Explaining Sahara AI’s Collaborative Economy

Most AI remains trapped in a Web 2.0 paradigm: users trade data for access to AI/ML tools. Sahara's Collaborative Economy offers a human-centered alternative that protects personal data and funds all contributors.

Explaining Sahara AI’s Collaborative Economy

Explaining Sahara AI’s Collaborative Economy

Artificial intelligence (AI) is a collaborative technology, created from the combined efforts of millions writing comments online, uploading images and video, and otherwise cataloging and labeling online data over decades.

As tools for human-AI collaboration change the nature of work, the fundamental economic relationship between technology companies and consumers must change from one trading free access to tools for private data to one that ensures all participants are fairly compensated for their work. Otherwise, there won’t be much of an economy left to participate in.

Sahara provides a decentralized AI network to support a new form of economy designed for the Age of AI, by providing a fast, personalized, and painless-to-use system that can protect its users’ privacy, guarantee the provenance of their data, and foregrounds the human experience.

How Sahara’s Collaborative Economy Works

A detailed diagram of the Collaborative Economy

Rather than a simple exchange, Sahara uses validation staking to incentivize an economic ecosystem. The system uses web3 technologies to keep training personal data separate from public models and properly attribute information when it’s used in a model so its owner can be compensated. 

There are three ways of earning compensation: people can provide knowledge in the form of data, models, or services like labeling or collection; they can help maintain the decentralized infrastructure by running a node or providing storage, or they can provide validation services to maintain the integrity of the network itself.

This breaks down into five distinct roles to play in the Sahara Economy: Knowledge Consumers pay for inferences generated by models on the Sahara Network, introducing funds into the network; Knowledge Providers receive compensation for rendering services such as collecting data or labeling it; Knowledge Developers use those services and data to create models to receive funds from providing inferences to Consumers; meanwhile [Node] Operators provide computational power and storage resources; and Validators verify information accuracy and provide recourse for bad actors abusing the system.
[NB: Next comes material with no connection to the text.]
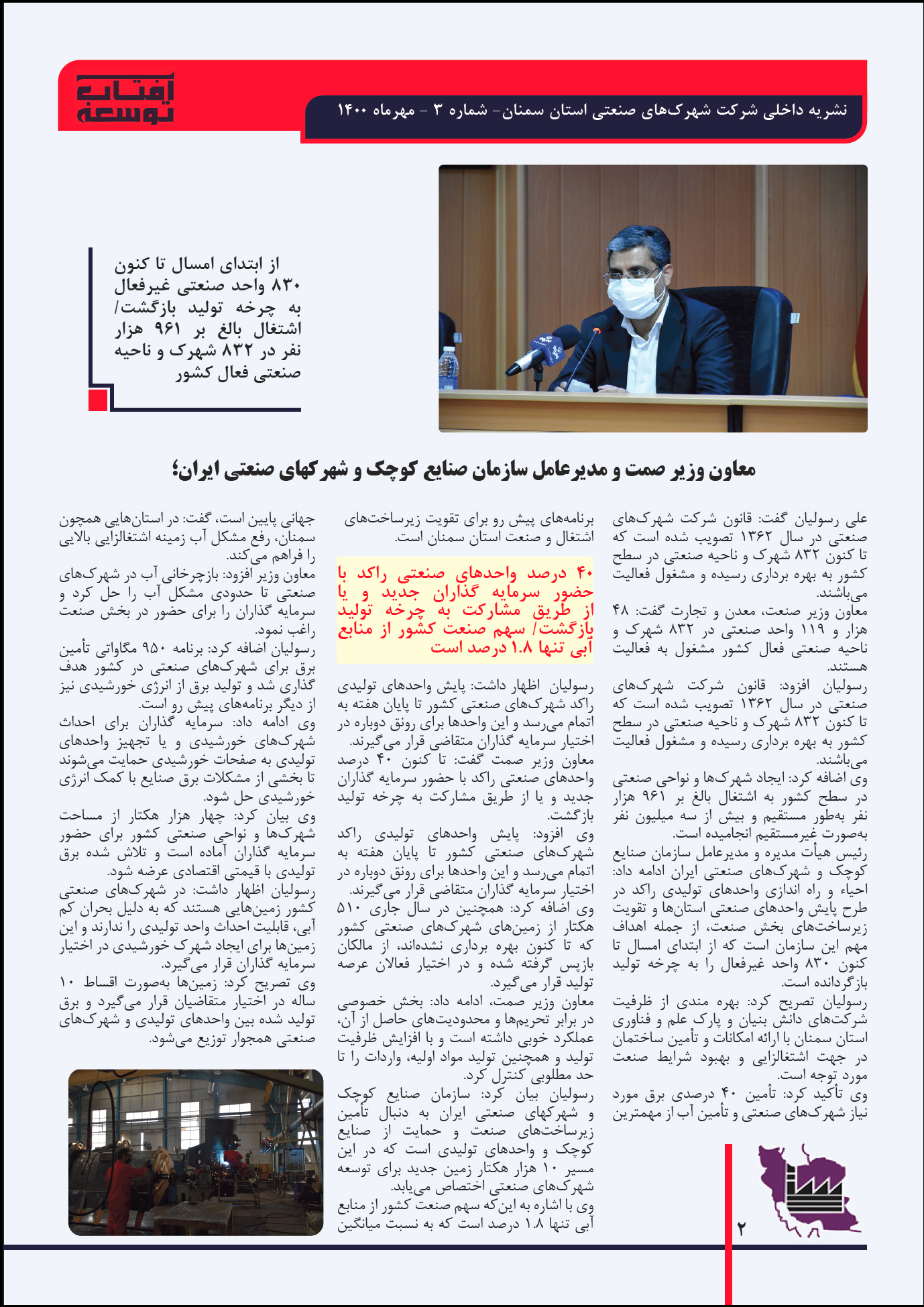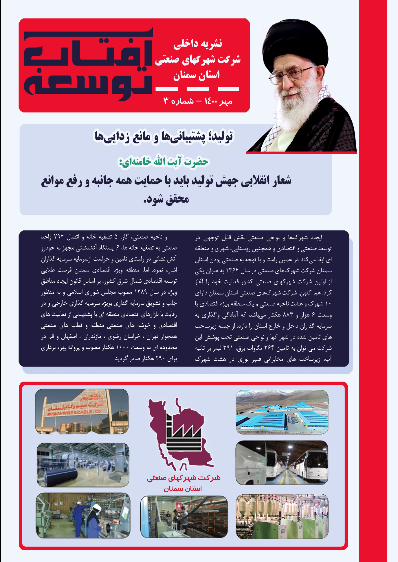 نشريه الكترونيكي شركت شهركهاي صنعتي استان سمنان « آفتاب توسعه»- شماره 3

This creates a self-sustaining ecosystem that allows network participants to benefit from the work they contribute, whether it’s operating a node, contributing knowledge and data, validating data, fine-tuning a model, or building an autonomous agent.

Why the Existing Economic Relationship Does Not Work

Historically, a simple dynamic has governed the relationship between users and AI/ML. Companies asked for access to consumer data in exchange for access to their tools—and for the most part, it worked. But on November 30, 2022, OpenAI released ChatGPT, a powerful large language model (LLM) trained on publicly available databases and capable of generating competent text and code. All of a sudden entire employment categories were at risk of being replaced by a model created from publicly available content. 

As AI’s capabilities increase and threaten millions more jobs, the old model of hoarding data and selling it back to customers will eventually stifle economic opportunity and innovation. Sahara’s model relies on a decentralized network, keeping consumer data private, and an attribution system to ensure everyone who participates in the knowledge economy receives fair compensation.